The second line specifies the walltime, or how long you think you will need to access the service. It turns out that 24 hours is the maximum time that you can request with requesting additional time through a help ticket (or through arranging to pay for the service, which I wasn’t quite ready to do yet). For now, this was enough time.

Finally, the code the run the file(s) I wanted to run. This again involved a lot of trial-and-error, and help tickets.

module load r/3.6.1
cd /nics/d/home/jrosenb8/my-dir
/sw/cs400_centos7.3_acfsoftware/r/3.6.1/centos7.3_gnu6.3.0/bin/Rscript /nics/d/home/jrosenb8/my-dir/hpc-run.R

First, I load the most recent version of R as a module. Then I change into my-dir (this can be named whatever you like), using the entire file path (it didn’t seem to work without this). Finally, I use the Rscript command (rather than loading R by typing R and then running source() on the file; this seemed hard to do in a shell script), which required finding the entire file path to that command (to be totally honest, I have no idea how I found that, oye), and then passing the full path to the file I wanted to run. Easy, right? :)

As if this wasn’t quite hard enough, I now had to upload the file to the server from the command line. Seems easy enough, but, of course, there’s not a text editor you can simply open (open my-file.txt does not work). I used vim. First, I created a new file: touch Then vim The next part was relatively easy, I copy-pasted the above five lines (the two headers and three lines of code) into the file via vim. Of course, this meant I had to exit vim.

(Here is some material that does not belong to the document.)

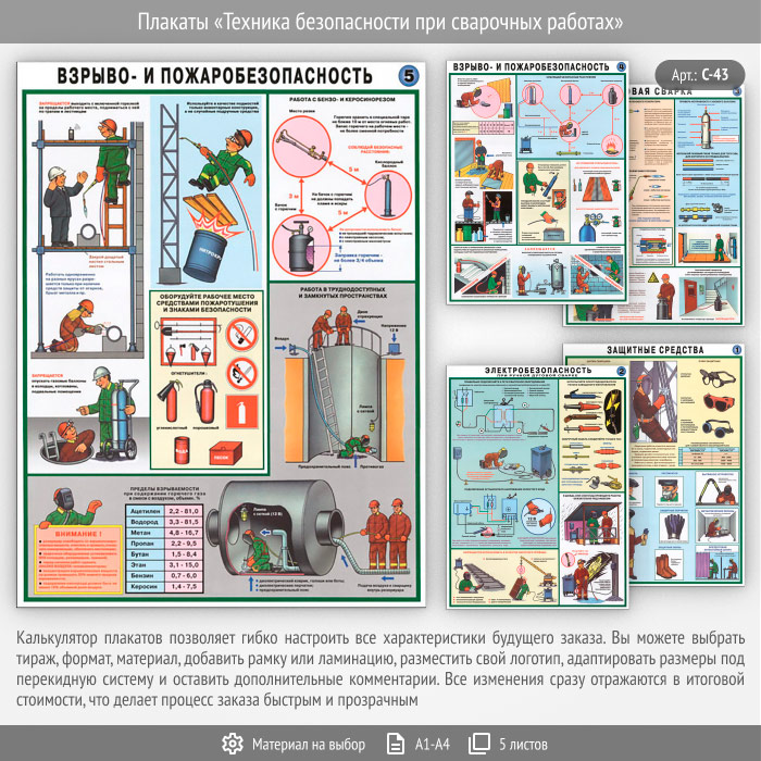Плакаты «Техника безопасности при сварочных работах» (С-43, 5 листов) в Кашире купить

There are also other ways to upload files; it looks like the scp command is helpful, especially for longer files.

Schedule the job

The last step is scheduling and submitting the job. This was actually delightfully easy. From the command line, qsub

Monitor the job

Finally, I could monitor the job (whether it has started running or is queued; if it is running, for how long it has been doing so) by typing qstat -a.

Access the output

There is one more step - what to do when you’re done. I’ve learned the hard way that it’s important (of course, now it seems obvious) to write/save the output, so you can view/download/use it. I found it helpful to use the sftp command; this required loggin and authenticating again, but was able to get (save to my computer) files easily (e.g., get output.rds).